June Brae (1917-2000). British dancer
June Brae, originally June Bear, was born in Hampshire in 1917, but brought up in China, where she first studied ballet and met Margot Fonteyn. She became one of the leading dancers in the Vic-Wells Ballet, which she joined in 1935 after having studied at the Sadler’s Wells School from 1933. She was inextricably linked with Pamela May, with whom she frequently danced in tandem. As a dancer she was highly versatile and beautiful. She was noted for her particular combination of delicacy and gaiety, but she also conveyed the menace and power of the Black Queen in Ninette de Valois’ Checkmate, a role she created.

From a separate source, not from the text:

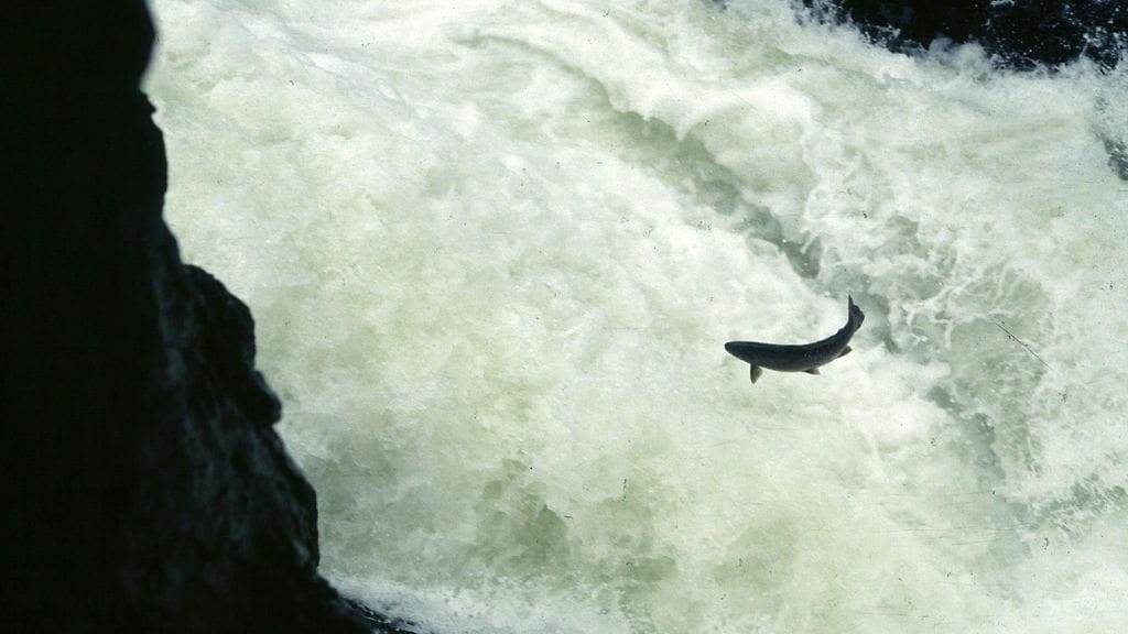 Nyt nappaa! Katso videolta, miltä näyttää, kun lohi nappaa syötistä kiinni.
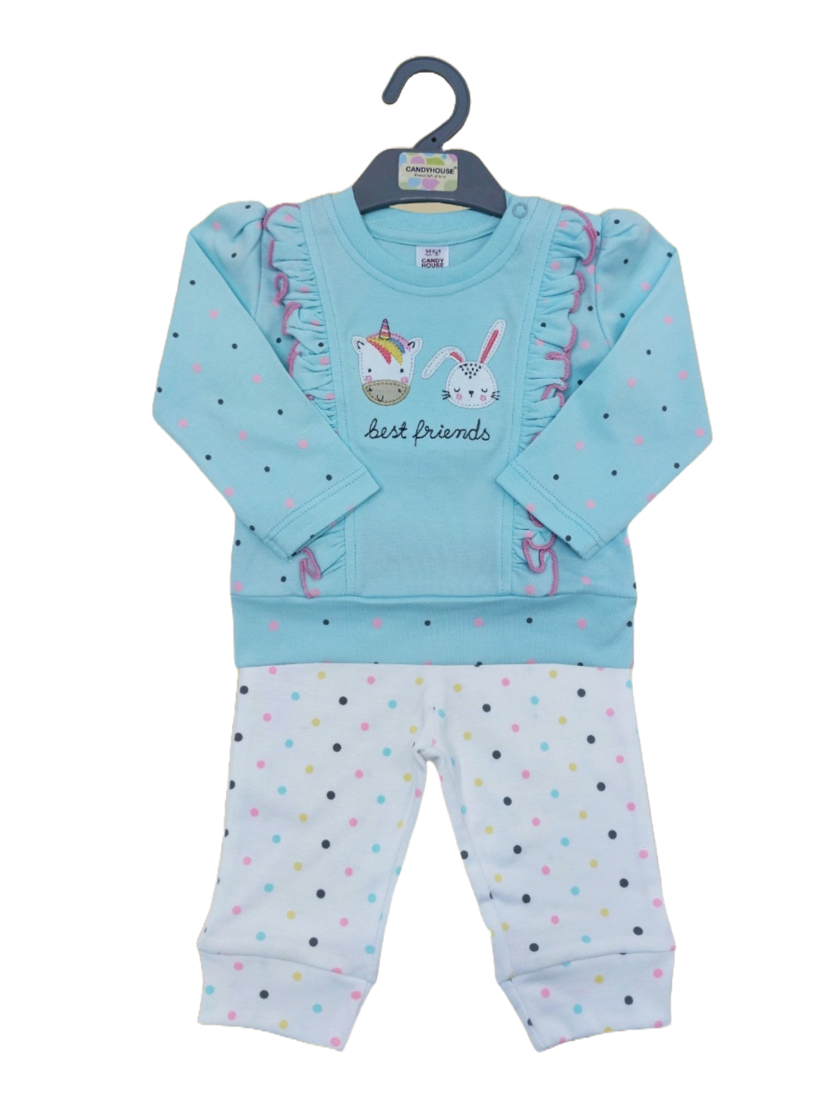 Baby girl / Green long sleeves and pants featuring a print of small animal and the word loved embroidered on the t-shirt (2pcs)

She was the Rich Girl in Frederick Ashton’s Nocturne, a skater in his Les Patineurs, and most memorably the tipsy Josephine in A Wedding Bouquet. She was the Lilac Fairy when the The Sleeping Princess (Marius Petipa’s The Sleeping Beauty) was first staged by Nicholas Sergeyev for the company in 1939 and was the ballerina in Helpmann’s short-lived Adam Zero in 1946, for which she came out from her first retirement in 1942. In 1946 she took the lead in Andrée Howard’s Assembly Ball, and then retired definitively, apart from an appearance in 1981 in De Valois’ The Rake’s Progress to mark the company’s 50th Anniversary. June Brae died in Bath in 2000.